The twice-a-day pill is suitable for women with hormone receptor-positive, HER2-negative, node-positive early breast cancer at high risk of recurrence who have had surgery. About 4,000 women will benefit initially, Nice said.

Helen Knight, the interim director of medicines evaluation at Nice, said the draft recommendation came less than a month after abemaciclib received its licence.

“The fact that we have been able to produce draft recommendations so quickly is testament to the success of our ambition to support patient access to clinically and cost effective treatments as early as possible,” said Knight. “Until now there have been no targeted treatments for people with this type of breast cancer.

“Abemaciclib with hormone therapy represents a significant improvement in how it is treated because being able to have a targeted treatment earlier after surgery will increase the chance of curing the disease and reduce the likelihood of developing incurable advanced disease.”

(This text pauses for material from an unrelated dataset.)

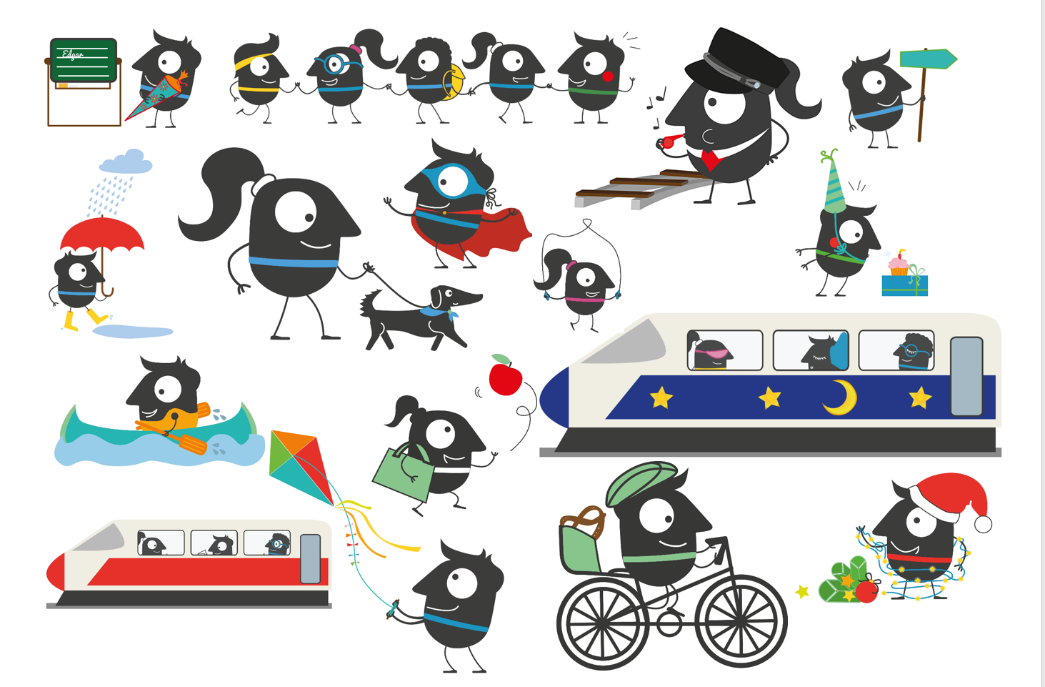 So sind sie auch aus dem Werkzeugkasten für das Entwerfen von unterschiedlichsten EMW-Materialien nicht mehr wegzudenken. Dafür stellt die Nationale Koordinierungsstelle der EMW beim UBA nun viele neue Design-Varianten zur Verfügung, die für die Öffentlichkeitsarbeit der Kommunen und anderen EMW-Akteure nützlich sein können. Neben den bisher bekannten – überwiegend von der EU-Seite zur Verfügung gestellten – Maskottchen bieten wir auf unserer EMW-Webseite Edda und Edgar in ganz neuen Kontexten und Situationen zum freien Download an: So sind sie jetzt nicht nur mit Bus, Bahn, Fahrrad oder Carsharing-Auto unterwegs, sondern auch mit dem ICE und Nachtzug, im Kanu, auf einem Schlitten oder auch zu Fuß mit dem Hund. Man kann sie auf der Geburtstagsfeier, zum Schulanfang oder in der Weihnachtszeit, beim Drachensteigen oder Seilspringen treffen. Sie stehen als Schaffner*in an der Bahnsteigkante oder weisen den Weg mit Richtungspfeilen. Und bei schlechtem Wetter gibt´s jetzt auch keine Ausrede mehr: mit Schirm und Gummistiefeln spaziert Edgar frohgelaunt durch jeden Regenschauer. Wir wünschen allen viel Spaß, Kreativität und Phantasie mit den neuen Gestaltungsmöglichkeiten.

Abemaciclib works by targeting and inhibiting proteins in cancer cells which allow the cancer to divide and grow. It normally costs £2,950 for a packet of 56 150mg-tablets, but the manufacturer, Eli Lilly, has agreed an undisclosed discounted price for NHS England.

“Thanks in part to this latest deal struck by NHS England, NHS patients will be able to access another new targeted drug for a common and aggressive form of breast cancer,” said Prof Peter Johnson, the cancer director of NHS England.

“Abemaciclib, when used alongside a hormone therapy, offers a new, doubly targeted, treatment option, helping to increase the chances of beating the cancer for good, as well as meeting the NHS’s commitment to delivering improved cancer care under our long-term plan.”